Sir,

A 21-year-old man sought treatment for sudden onset of a right inferior central scotoma. Examination revealed visual acuities of hand movements OD and 6/6 OS. Intraocular pressures (IOP) were 26 mmHg OD and 23 mmHg OS. Gonioscopy showed bilateral goniodysgensis with prominent anterior iris processes. Ophthalmoscopy disclosed a pale oedematous retina in the superior part of the right macula consistent with a superior macular branch artery occlusion. Both discs were cupped with cup disc ratios of 0.7 OD and 0.8 OS. Despite immediate treatment with intravenous Acetazolamide 500 mg and topical Timoptol 0.25%, visual acuity failed to improve. A 0.2 ml anterior chamber paracentesis was performed, during which the anterior chamber was noted to shallow abruptly with the formation of corneal folds but without corneal endothelial touch. No deformation of the globe occurred during the procedure. Immediate fundoscopy revealed a preretinal foveal haemorrhage. No change in acuity was noted. One day later, further superficial haemorrhages had developed over the optic disc and multiple white centred retinal haemorrhages (Roth spots) were noted in the temporal retina (Figures 1 and 2). Fundus fluorescein angiography confirmed a right superior macular branch artery occlusion (Figures 3 and 4).

Figure 1
figure 1

Colour fundus photograph taken 48 h after presentation of the right eye demonstrates marked retinal whitening in the superior aspect of the posterior pole associated with scattered preretinal haemorrhages.

Figure 2
figure 2

Fundus photograph of the right temporal retinal demonstrates multiple white centred haemorrhages (Roth spots).

Figure 3
figure 3

Red free fundus photograph of the right eye corresponding to Figure 1.

Figure 4
figure 4

Arteriovenous phase of a fluorescein angiogram taken 48 h after presentation demonstrates delayed filling of a macular arteriole and masking defects due to the retinal oedema and overlying retinal haemorrhages.

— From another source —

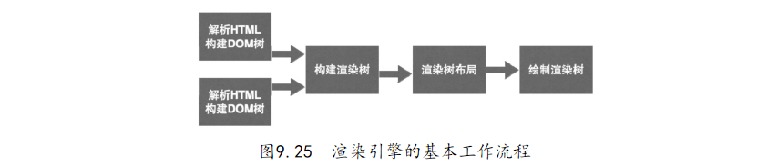 渲染也就是將頁面內(nèi)容顯示到瀏覽器屏幕上。瀏覽器的渲染引擎是一種對(duì)HTML文檔進(jìn)行解析并將其顯示在頁面上的工具。目前,Chrome、Safari、Opera瀏覽器中使用WebKit引擎,而Firefox瀏覽器中使用Gecko引擎,IE瀏覽器中使用Trident引擎。2013年4月3日,Google宣布在Chrome瀏覽器中使用新型開源渲染引擎Blink。Opera的BruceLawson也在官方博客中表示計(jì)劃改用Blink引擎。Mozilla也在Github中公布與韓國三星共同開發(fā)的Android系統(tǒng)與ARM系統(tǒng)用渲染引擎Servo。雖然各渲染引擎之間肯定存在著區(qū)別,但是當(dāng)用戶在地址欄中輸入U(xiǎn)RL地址、開始加載頁面時(shí),各渲染引擎都開始實(shí)現(xiàn)如圖9.25所示的渲染處理。

General examination showed no other signs of capillary fragility, and findings from a systemic examination, including transoesophageal echocardiography, cranial, orbital, and carotid magnetic resonance imaging, lumbar puncture, abdominal ultrasound, and serial blood pressure measurements, were unremarkable. Blood tests for and including complete blood count, erythrocyte sedimentation rate, fasting blood glucose, C reactive protein, autoimmune screen, clotting screen, angiotensin converting enzyme, glucose, treponema, human immunodeficiency virus, blood, and urine culture were normal. After 4 months, visual acuity remained 2/60 OD and the fundal haemorrhages had resolved.

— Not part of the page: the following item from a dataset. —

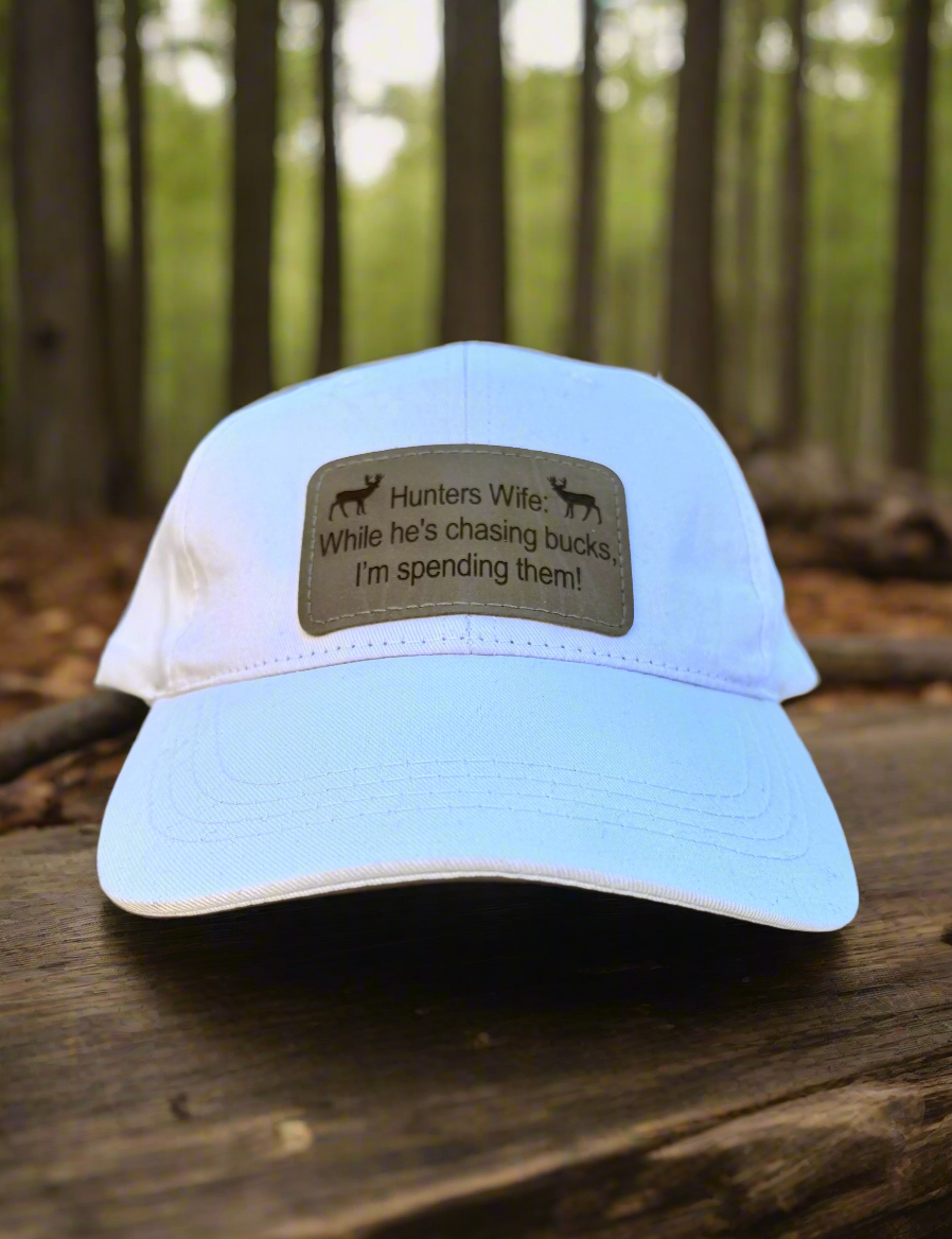 White Baseball Cap with Leatherette Patch - "While He's Chasing Bucks, I'm Spending Them!"

While the underlying cause of the patient's branch artery occlusion remains unexplained, the temporal relationship and the exclusion of diabetes mellitus, severe hypertension, leukaemia, infective endocarditis, and systemic vasculitis suggest that the development of the Roth spots and fundal haemorrhages were due to a paracentesis-associated decompression retinopathy.

Comment

A Roth spot is known to be composed of a fibrin platelet thrombus that arises at the site of capillary damage.1, 2 These white centred haemorrhages are observed in a variety of conditions, including ocular decompression.3, 4, 5 Conditions that lead to an altered clotting state, capillary trauma, capillary endothelium ischaemia, or an increase in capillary fragility may lead to retinal haemorrhages.3 Following paracentesis for acute angle closure glaucoma, no observed cases of decompression retinopathy were noted and it was suggested that a vasculopathy may be required to predispose a patient to decompression retinopathy.6 In our case, the possibility of capillary fragility from an inherited or acquired abnormality is possible, but despite extensive investigation no systemic cause for the artery occlusion was found. A variety of hypotheses have been suggested for the cause of retinal haemorrhages following IOP reduction.4 Normal IOP preserves the normal corneal–scleral curvature. Acute hypotony may result in structural changes to the eye tissues, and the effects vary depending on the hypotony duration. During hypotony, scleral collapse and deformity can occur. The inferior oblique inserts into the submacular area and its action causes horizontal folding of the choroid.7 Perhaps the mechanical structural stresses associated with sudden IOP lowering in an already ischaemic macular lead to capillary fragility. The finding of a macular haemorrhage immediately following the paracentesis would be consistent with this. Alternatively, the increased pressure gradient across the walls of the retinal vasculature caused by the sudden drop in IOP may also have led to a transient increase in retinal blood flow, which either overwhelmed the integrity of the affected retinal arterioles or led to an uncontrolled increase in flow through ischaemic retinal venules, causing them to leak. The transient nature of the increase in retinal blood flow, does however remain speculative as flow through the affected retinal artery was not demonstrated on angiography performed 48 h after presentation.

We believe this case demonstrates the first case of multiple scattered white centred retinal haemorrhages in association with the macular artery occlusion ischaemia following rapid IOP reduction by paracentesis.